Generations of Christmas card designers have used the idealized image of a New England village for their cover illustrations. For many that image was cemented by Norman Rockwell's Stockbridge Main Street at Christmas (Home for Christmas). The illustrator, incidentally, began the painting in 1956 and finally finished it in 1967 when it was published in McCall's magazine. The lure of an old-fashioned New England Christmas draws legions of travelers every year.
If you go to Stockbridge, don't forget your dog.
The town is scarcely two blocks wide and at the end of Park Road, the last street in Stockbridge, is a unique three-pronged trail system your dog will love. The trails are maintained by The Laurel Hill Association, America's first village improvement society that was started by Mary G. Hopkins in Stockbridge in 1853. Your explorations begin by crossing a stone suspension bridge over the Housatonic River that was completed in 1936 to replace the original 1895 span. There are no maps ot trail guides or literature on thses trails so take a moment to study the wooden mapboard before you cross the bridge.
An easy warm-up for your dog is the Mary Flynn Trail, a wide, flat, packed-gravel path that trips along the Housatonic River for about a mile. This trail was laid out mostly on the bed of the old Berkshire Street Railway trolley line - America's first trolley car was built in Stockbridge in 1880. The trail was constructed in 2003 as part of the Laurel Hill Association's 150th Anniversary celebration.

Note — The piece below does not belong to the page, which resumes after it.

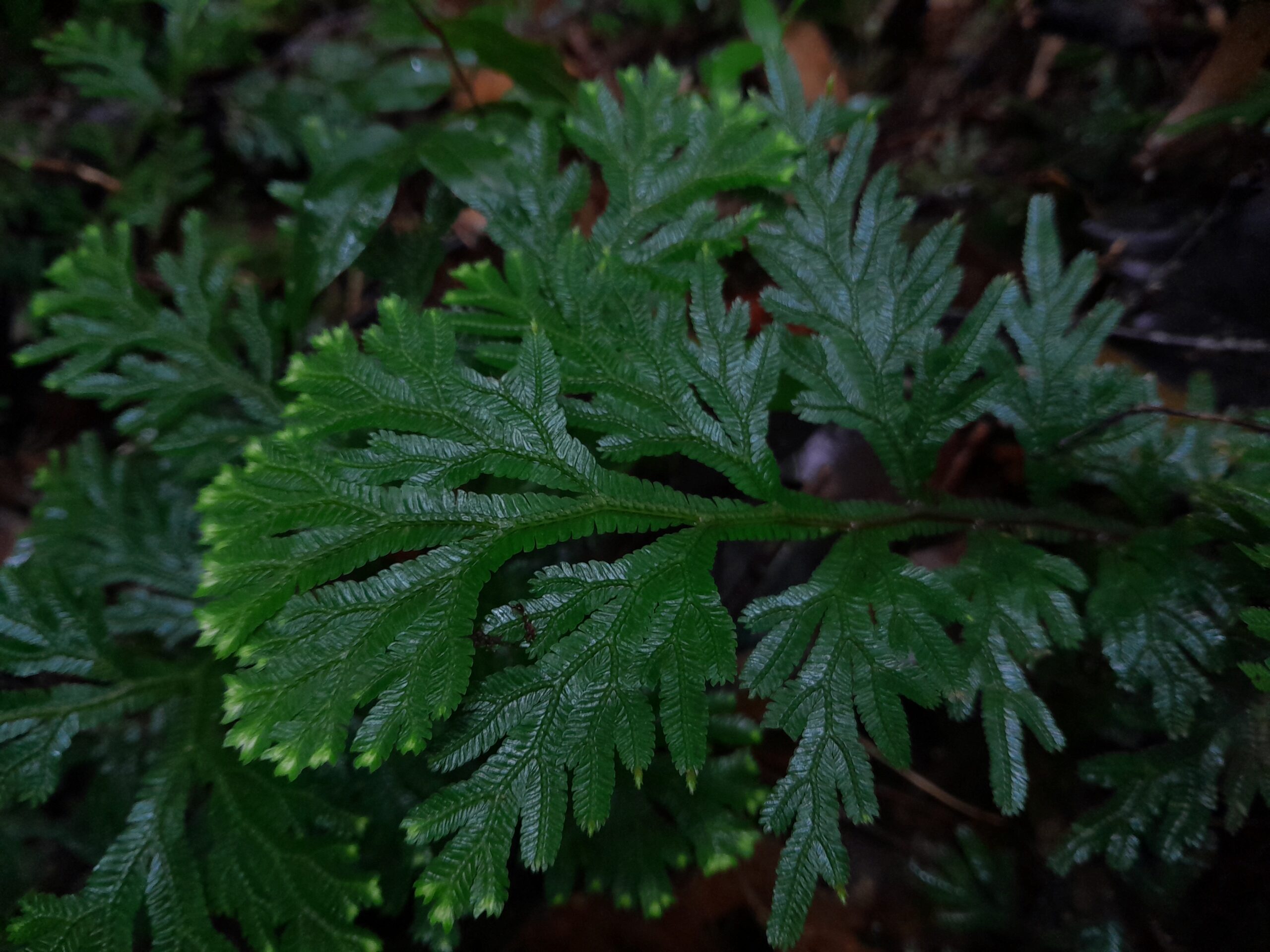 Daun-daun Selaginella intermediai (daun cakar alam) tumbuh bertumpuk di sisi jalan setapak punggung bukit penyangga Taman Nasional Kerinci Seblat (TNKS). Tumbuhan jenis paku-pakuan ini, secara turun-temurun dijadikan salah satu obat-obatan tradisional.

The spirited canine hiking begins across the railroad tracks as the trail chugs uphill into the woods, heading for a split. To the left will be a short, switchbacking climb of 600 feet steep enough to get your dog panting. The destination, a bit less than one mile away, is Laura's Rest, where a 35-step tower in a clearing provides views of three states. Laura was the daughter-in-law of David Field, the donor of the land back in 1891. After losing her husband and children the young woman often came up here for solace. The trail does continue over the mountain for three miles to Beartown State Forest if you so choose. By the way, if you look at Stockbridge Main Street at Christmas (Home for Christmas) the mountain in the far left corner is the one you will be going up.

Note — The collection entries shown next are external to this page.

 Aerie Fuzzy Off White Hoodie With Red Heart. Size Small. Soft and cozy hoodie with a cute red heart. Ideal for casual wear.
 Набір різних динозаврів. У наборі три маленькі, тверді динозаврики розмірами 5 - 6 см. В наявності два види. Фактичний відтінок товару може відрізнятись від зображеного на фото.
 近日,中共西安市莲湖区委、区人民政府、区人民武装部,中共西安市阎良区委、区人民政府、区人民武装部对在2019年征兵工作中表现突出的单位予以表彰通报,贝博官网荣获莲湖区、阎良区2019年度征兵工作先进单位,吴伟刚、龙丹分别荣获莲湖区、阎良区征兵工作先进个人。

The marquee trail in Stockbridge bears right from that junction back down the mountain, into the Ice Glen. Nathaniel Hawthorne called the Ice Glen, a cleft in the rocks between Bear and Little mountains, "the most curious fissure in all Berkshire." It is a ravine without a stream - all the water around Ice Glen flows on a south-north axis while the gorge is aligned east to west. In fact, the dry Glen, stuffed with stacked boulders and draped with hemlocks, was once a glacial lake. Tucked away from the sun's rays, the season's last snow clings here, hence its name.

The elevation gain is minimal but the boulders that litter the floor of the ravine may inhibit some dogs from going through the narrow fissure - only one-quarter-mile long. If your dog can't complete the entire trail she can still enjoy some of New England's largest pine and hemlock trees. And if you come to back to Stockbridge in late October you can join the Halloween procession through Ice Glen. The Laurel Hill Association has been conducting the macabre hike for more than a century. With its primordial feel there is no more appropriate location for a spooky, candlelit parade.